DIRECTIONS — Transcribe, starting at the line with "A soldier clad" and ending at the line with "Met dit klassiek", every line of the material below exactly, but leave out the pictures and anything outside that span.

RECORDS SHOWN —
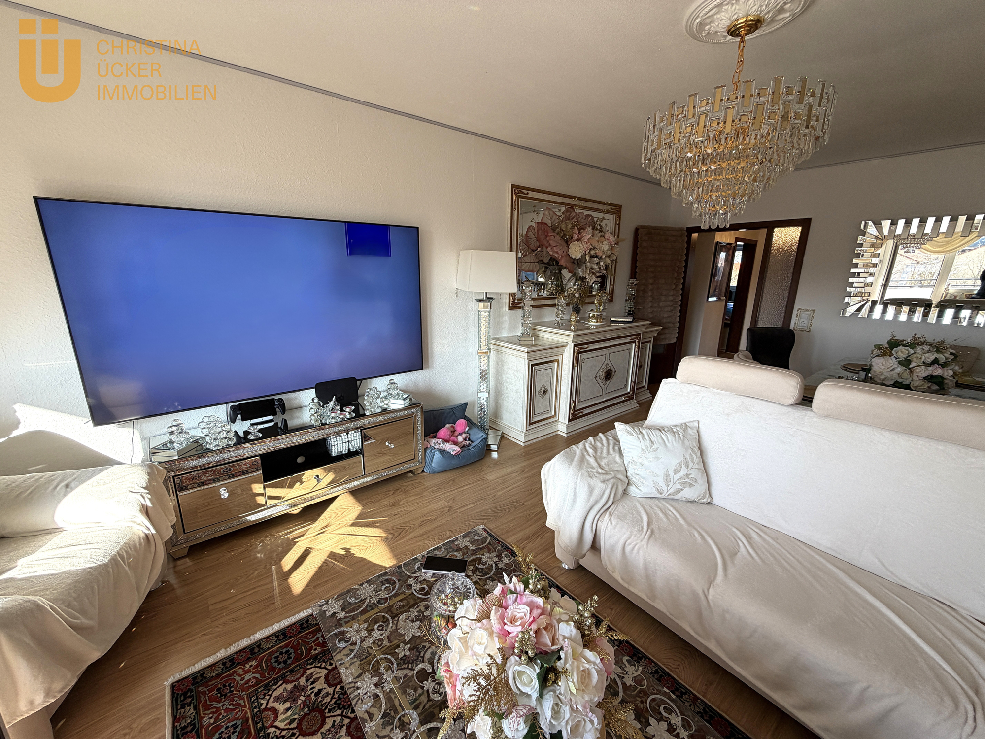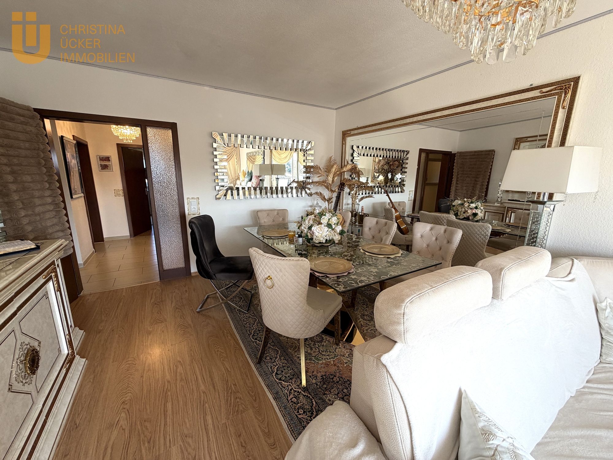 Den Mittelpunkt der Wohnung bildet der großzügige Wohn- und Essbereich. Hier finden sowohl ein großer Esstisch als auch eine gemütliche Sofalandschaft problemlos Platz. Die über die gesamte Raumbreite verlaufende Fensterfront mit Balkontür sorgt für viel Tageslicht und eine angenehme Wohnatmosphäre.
---
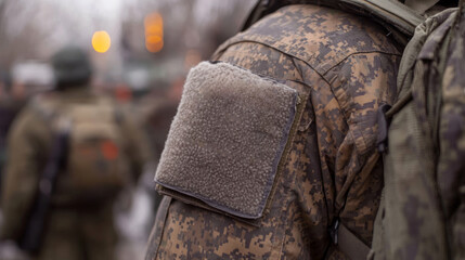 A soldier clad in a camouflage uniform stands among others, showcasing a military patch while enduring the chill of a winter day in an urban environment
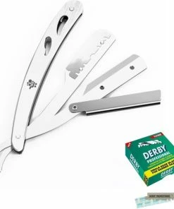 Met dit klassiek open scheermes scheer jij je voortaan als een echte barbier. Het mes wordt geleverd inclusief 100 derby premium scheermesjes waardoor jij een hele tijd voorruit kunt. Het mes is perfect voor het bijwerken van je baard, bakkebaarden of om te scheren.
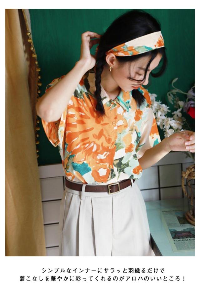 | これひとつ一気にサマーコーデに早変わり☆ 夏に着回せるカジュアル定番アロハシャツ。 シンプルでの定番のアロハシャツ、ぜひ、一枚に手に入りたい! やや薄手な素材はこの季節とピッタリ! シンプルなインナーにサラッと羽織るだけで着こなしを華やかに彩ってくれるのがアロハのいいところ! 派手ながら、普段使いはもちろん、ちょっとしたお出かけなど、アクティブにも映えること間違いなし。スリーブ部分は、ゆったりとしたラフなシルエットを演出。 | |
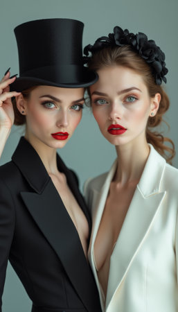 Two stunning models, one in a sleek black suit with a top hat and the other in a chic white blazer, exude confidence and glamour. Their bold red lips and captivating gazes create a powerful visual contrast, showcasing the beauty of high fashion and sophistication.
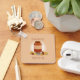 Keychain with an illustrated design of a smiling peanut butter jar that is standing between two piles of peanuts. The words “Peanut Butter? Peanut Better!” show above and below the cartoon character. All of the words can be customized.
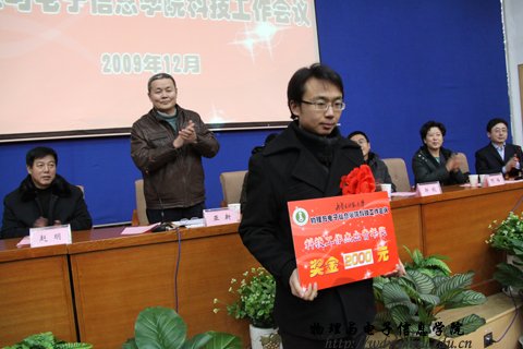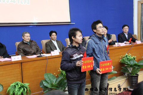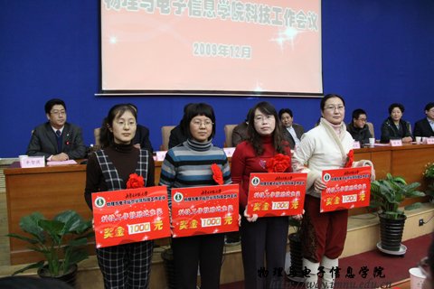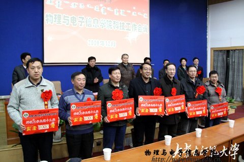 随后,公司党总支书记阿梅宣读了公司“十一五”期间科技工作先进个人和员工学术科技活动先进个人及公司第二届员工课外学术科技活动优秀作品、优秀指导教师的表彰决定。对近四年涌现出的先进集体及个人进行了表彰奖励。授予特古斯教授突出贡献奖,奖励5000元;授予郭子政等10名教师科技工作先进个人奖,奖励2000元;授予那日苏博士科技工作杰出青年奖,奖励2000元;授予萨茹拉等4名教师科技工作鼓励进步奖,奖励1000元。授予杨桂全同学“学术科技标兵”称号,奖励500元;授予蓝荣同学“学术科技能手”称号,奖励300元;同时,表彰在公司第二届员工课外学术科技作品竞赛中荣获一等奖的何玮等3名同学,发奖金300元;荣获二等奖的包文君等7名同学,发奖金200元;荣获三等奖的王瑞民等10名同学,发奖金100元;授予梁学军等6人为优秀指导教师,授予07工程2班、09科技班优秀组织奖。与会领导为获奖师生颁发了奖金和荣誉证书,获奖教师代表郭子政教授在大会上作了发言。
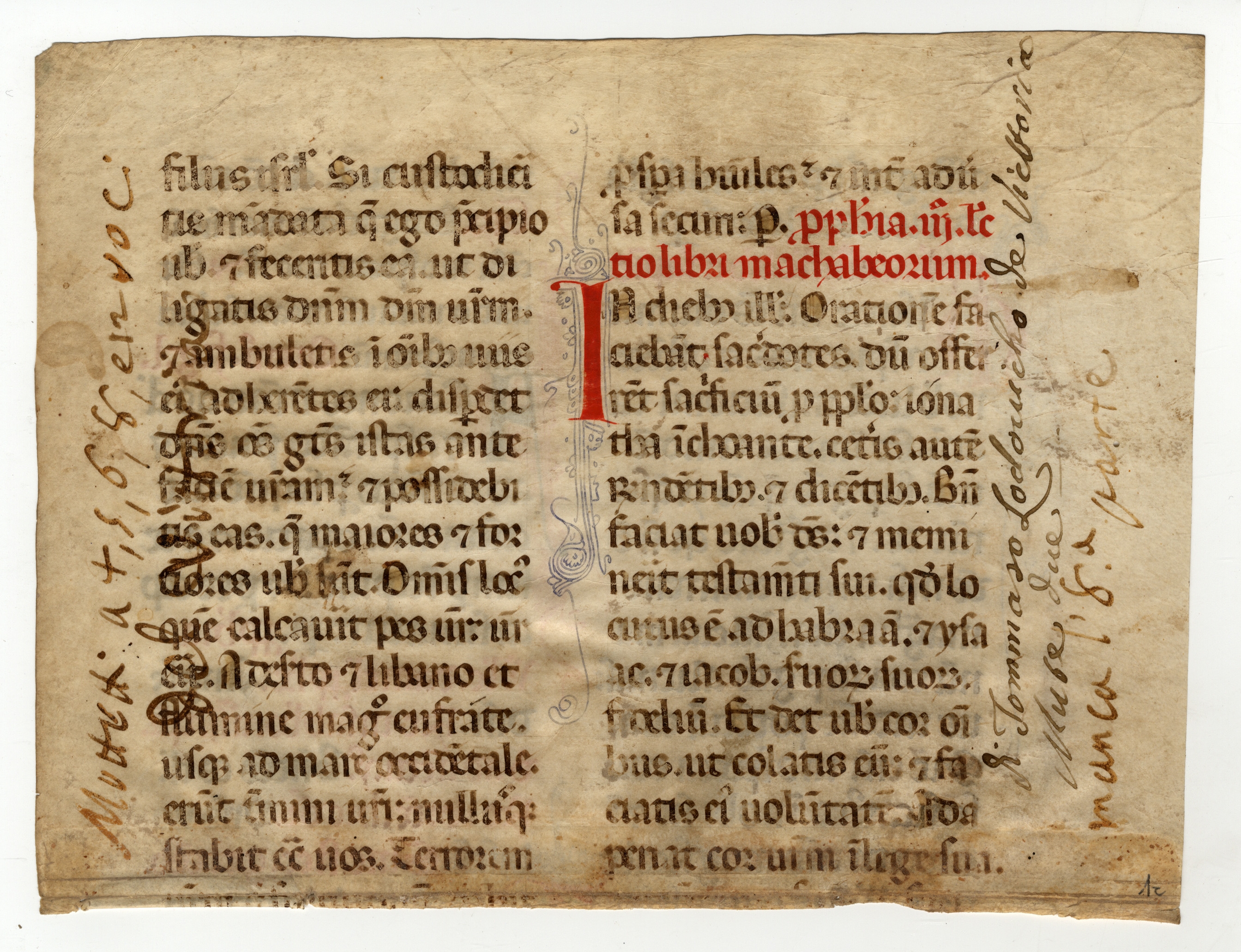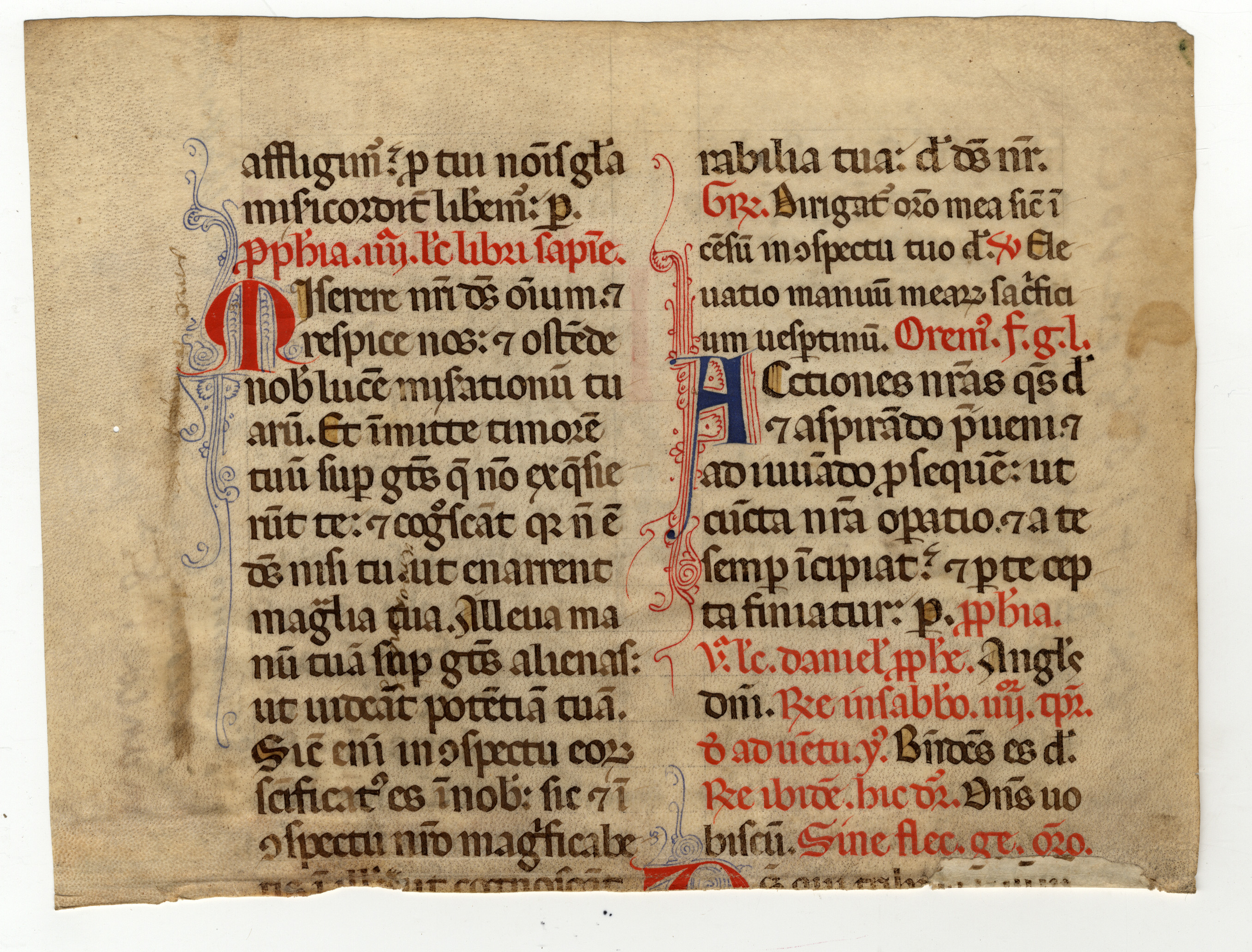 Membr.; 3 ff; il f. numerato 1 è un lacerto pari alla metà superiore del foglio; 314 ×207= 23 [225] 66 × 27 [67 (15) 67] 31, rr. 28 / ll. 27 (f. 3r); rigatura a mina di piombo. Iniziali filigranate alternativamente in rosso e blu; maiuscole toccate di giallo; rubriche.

ANSWER TO THIS TASK —
 A soldier clad in a camouflage uniform stands among others, showcasing a military patch while enduring the chill of a winter day in an urban environment
 Met dit klassiek open scheermes scheer jij je voortaan als een echte barbier. Het mes wordt geleverd inclusief 100 derby premium scheermesjes waardoor jij een hele tijd voorruit kunt. Het mes is perfect voor het bijwerken van je baard, bakkebaarden of om te scheren.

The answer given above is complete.